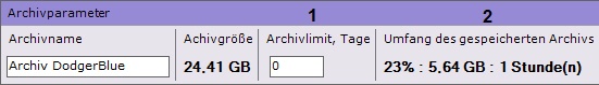 Im Feld Umfang des aufgezeichneten Archivs wird das belegte Archivvolumen in Prozent angezeigt (2).
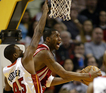 Tracy McGrady of the Houston Rockets (R) is defended by Miami Heat forward Rasual Butler during their NBA game in Miami, Florida January 30, 2005. [Reuters]
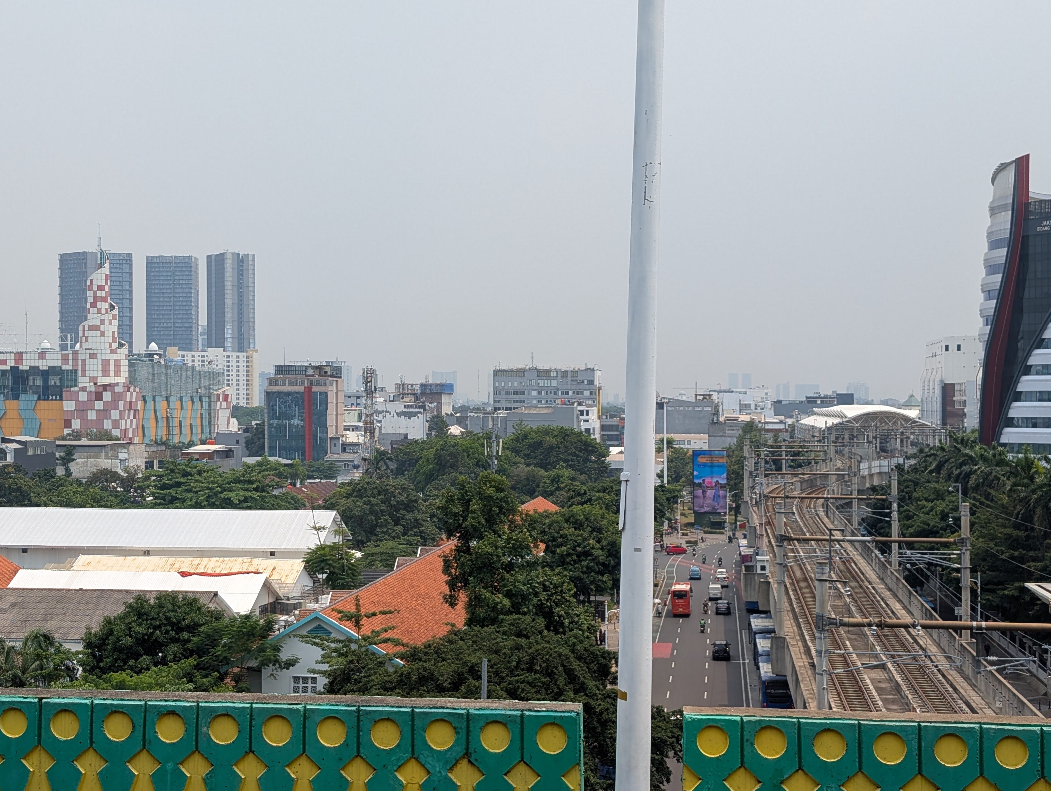 BRT専用道路上の駅からのジャカルタの眺めを見ながら目的地に到着。
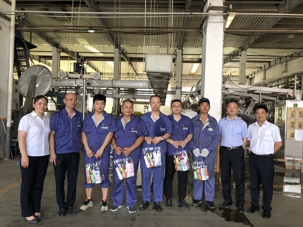 他們先后來到公司溫度最高的兩個車間定型和染色車間,向在高溫天氣中堅守崗位的一線員工表示親切的慰問和感謝并送上慰問品。在生產現場,許總經理囑咐大家高溫生產不忘安全,做到勞逸結合;也要求各部門切實做好防暑降溫工作,保障員工健康安全。
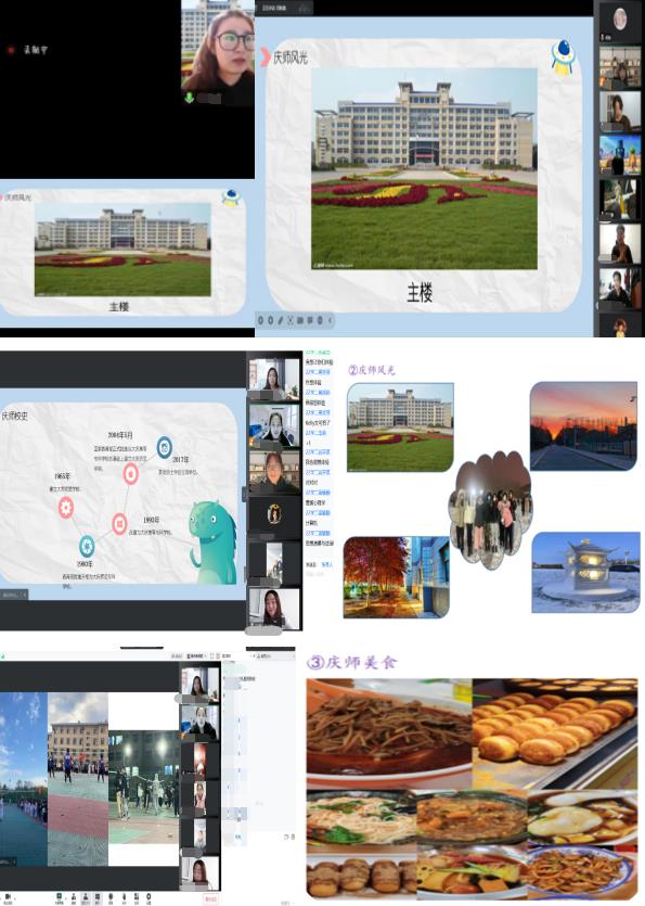 主持人向同学们介绍分享了庆师发展史及庆师美景美食。校园的春暖花开,夏日炎炎,秋风萧瑟,冬雪纷飞,仿佛让同学们置身其中。同学们期待疫情早日结束,大家可以来到庆师校园,亲身感受校园生活、赏美景、品美食。
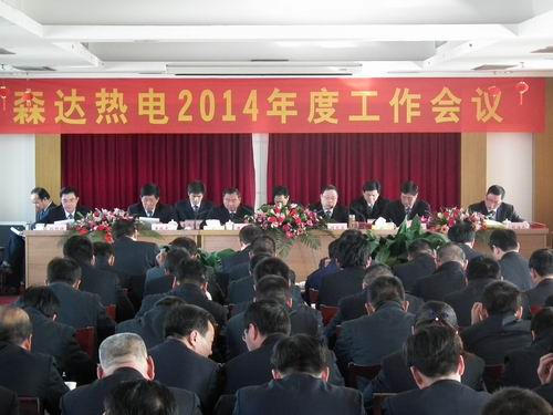 森达热电总公司2014年度工作会议于元月23日下午在总部五楼会议室隆重召开。这次会议的主要任务是:认真总结过去一年取得的成绩,分析当前面临的形势,部署新一年目标任务,明确抓落实的措施,进一步团结带领全体员工,谦虚谨慎,永葆激情,携手并肩,再展宏图,用优异成绩为森达热电新的十年开好头,起好步,为做大做优做强热电产业而不懈奋斗!总公司领导班子成员,各公司总经理、副总经理,机关各部门全体工作人员,受表彰的先进集体和先进个人以及部分专工、员工代表,共120多人参加了会议。
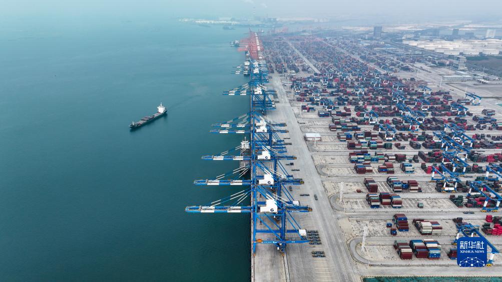 在欽州港碼頭,一艘貨輪正在駛離(11月24日攝,無人機照片)。
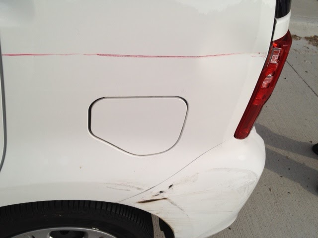 I’ve had my wonderful, beautiful new car for about a year now, and for that year I’ve had no bumps, scratches, dents, or chips in the paint. Yesterday all of that changed. My poor car was attacked by a snappy looking red Camaro convertible. Here’s the damage:
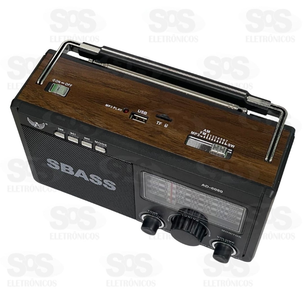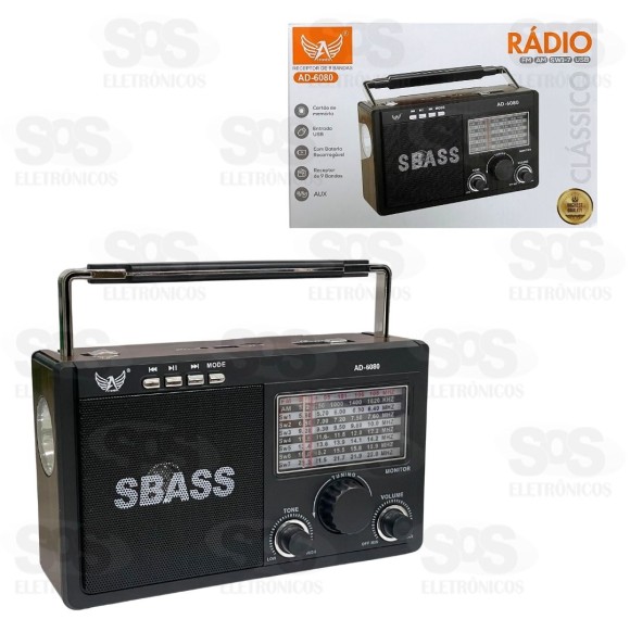 Rádio Retrô 9 Bandas Com Lanterna Altomex AD-6080 Rádio receptor de 9 bandas, possibilitando a sintonização FM, AM e SW 1-7. Conta também com conexão bluetooth, além de entradas para USB, AUX e cartão TF. Bateria recarregável via cabo Type-C. Acompanha alça para transporte e lanterna. Tamanho: 22 x 13 cm Cores variadas.
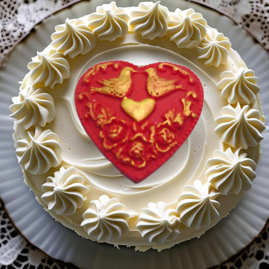 4 Valentines Glittered Hearts with Doves Vegan Cupcake Toppers
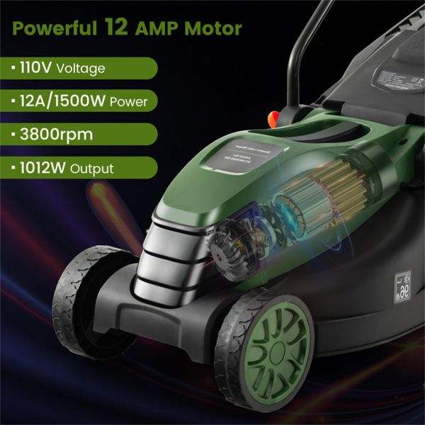 Cortacésped Eléctrico de 13.5 Pulgadas y 12 Amperios con Interruptores de Seguridad Dobles, Color Verde
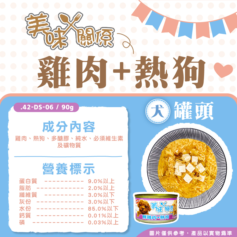 新鮮嫩雞肉添加鮮嫩熱狗,新鮮可口,讓愛犬健康充沛有活力,提供愛犬成長所需的均衡營養,健康滿點。
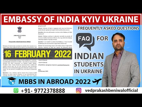 Ukraine latest News | Indian Embassy In Kyiv Ukraine | FAQ | MBBS in Abroad 2022
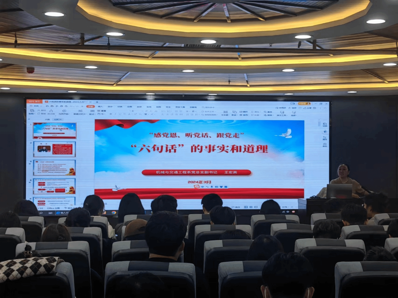 为了使“感党恩、听党话、跟党走”群众教育实践活动走深走实,2024年3月6日,机械与交通工程系党总支副书记王宏英为员工党员、发展对象讲授“六句话的事实和道理”专题党课。党课在图书馆506进行,共计有120余人参加。
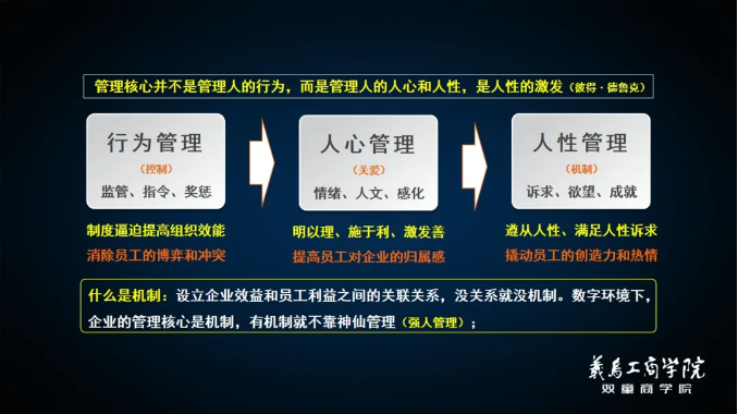 要徹底解決以上問題,就必須正(zhèng)確認識管理的本質:管理不是管人的行為,而是管人心(xīn)、管人性。從而製(zhì)定滿足人性的機製!
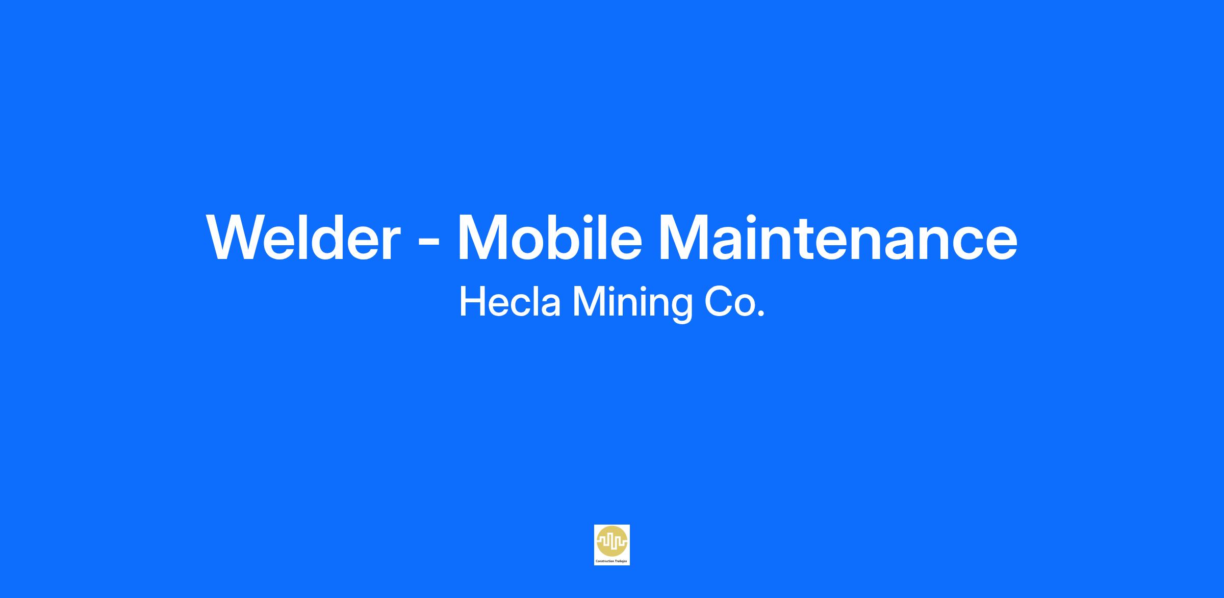As a member of the Greens Creek Maintenance group this position performs welding and fabrication, with an emphasis on maintenance inspections, adjustments, and repairs of mine mobile equipment.
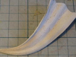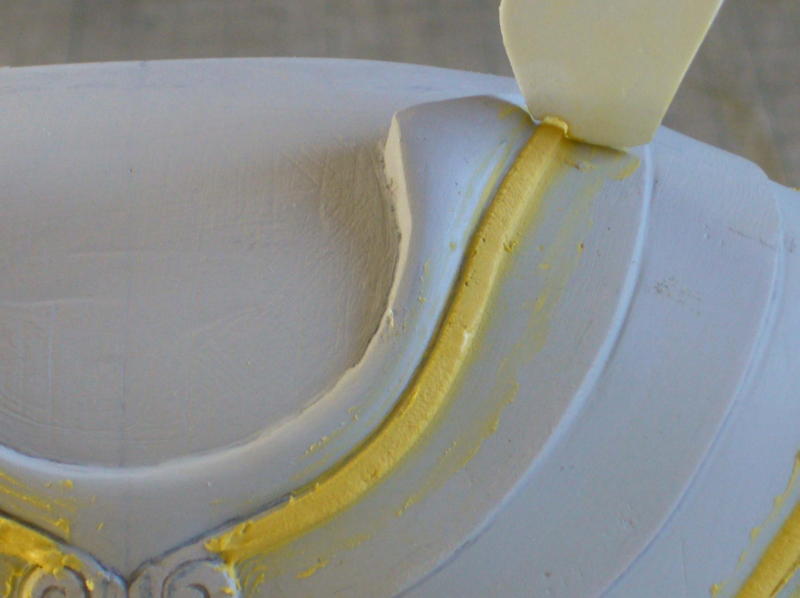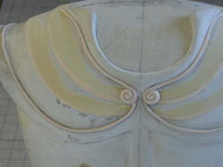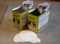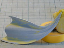 ポリパテをエポパテで作った帯状のモールドに盛り付けます。太めの断面の形を切り抜いたプラ板を、エポパテの上を余分なポリパテを削ぎとるようにスライドさせる。 思っていたよりきれいに太い帯が出来ました。 |
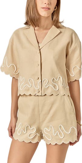 Wavy stitching adds texture and charm to this lightweight linen shirt cut in a boxy cropped fit and accented with a crisp inverted back pleat.
..........
**What is being asked:**
Return the complete data unchanged and include none of the pictures.

**Result below:**
 Im Feld Umfang des aufgezeichneten Archivs wird das belegte Archivvolumen in Prozent angezeigt (2).
 Tracy McGrady of the Houston Rockets (R) is defended by Miami Heat forward Rasual Butler during their NBA game in Miami, Florida January 30, 2005. [Reuters]
 BRT専用道路上の駅からのジャカルタの眺めを見ながら目的地に到着。
 他們先后來到公司溫度最高的兩個車間定型和染色車間,向在高溫天氣中堅守崗位的一線員工表示親切的慰問和感謝并送上慰問品。在生產現場,許總經理囑咐大家高溫生產不忘安全,做到勞逸結合;也要求各部門切實做好防暑降溫工作,保障員工健康安全。
 主持人向同学们介绍分享了庆师发展史及庆师美景美食。校园的春暖花开,夏日炎炎,秋风萧瑟,冬雪纷飞,仿佛让同学们置身其中。同学们期待疫情早日结束,大家可以来到庆师校园,亲身感受校园生活、赏美景、品美食。
 森达热电总公司2014年度工作会议于元月23日下午在总部五楼会议室隆重召开。这次会议的主要任务是:认真总结过去一年取得的成绩,分析当前面临的形势,部署新一年目标任务,明确抓落实的措施,进一步团结带领全体员工,谦虚谨慎,永葆激情,携手并肩,再展宏图,用优异成绩为森达热电新的十年开好头,起好步,为做大做优做强热电产业而不懈奋斗!总公司领导班子成员,各公司总经理、副总经理,机关各部门全体工作人员,受表彰的先进集体和先进个人以及部分专工、员工代表,共120多人参加了会议。
 在欽州港碼頭,一艘貨輪正在駛離(11月24日攝,無人機照片)。
 I’ve had my wonderful, beautiful new car for about a year now, and for that year I’ve had no bumps, scratches, dents, or chips in the paint. Yesterday all of that changed. My poor car was attacked by a snappy looking red Camaro convertible. Here’s the damage:
 Rádio Retrô 9 Bandas Com Lanterna Altomex AD-6080 Rádio receptor de 9 bandas, possibilitando a sintonização FM, AM e SW 1-7. Conta também com conexão bluetooth, além de entradas para USB, AUX e cartão TF. Bateria recarregável via cabo Type-C. Acompanha alça para transporte e lanterna. Tamanho: 22 x 13 cm Cores variadas.
 4 Valentines Glittered Hearts with Doves Vegan Cupcake Toppers
 Cortacésped Eléctrico de 13.5 Pulgadas y 12 Amperios con Interruptores de Seguridad Dobles, Color Verde
 新鮮嫩雞肉添加鮮嫩熱狗,新鮮可口,讓愛犬健康充沛有活力,提供愛犬成長所需的均衡營養,健康滿點。
 Ukraine latest News | Indian Embassy In Kyiv Ukraine | FAQ | MBBS in Abroad 2022
 为了使“感党恩、听党话、跟党走”群众教育实践活动走深走实,2024年3月6日,机械与交通工程系党总支副书记王宏英为员工党员、发展对象讲授“六句话的事实和道理”专题党课。党课在图书馆506进行,共计有120余人参加。
 要徹底解決以上問題,就必須正(zhèng)確認識管理的本質:管理不是管人的行為,而是管人心(xīn)、管人性。從而製(zhì)定滿足人性的機製!
As a member of the Greens Creek Maintenance group this position performs welding and fabrication, with an emphasis on maintenance inspections, adjustments, and repairs of mine mobile equipment.
 ポリパテをエポパテで作った帯状のモールドに盛り付けます。太めの断面の形を切り抜いたプラ板を、エポパテの上を余分なポリパテを削ぎとるようにスライドさせる。 思っていたよりきれいに太い帯が出来ました。 |
 Wavy stitching adds texture and charm to this lightweight linen shirt cut in a boxy cropped fit and accented with a crisp inverted back pleat.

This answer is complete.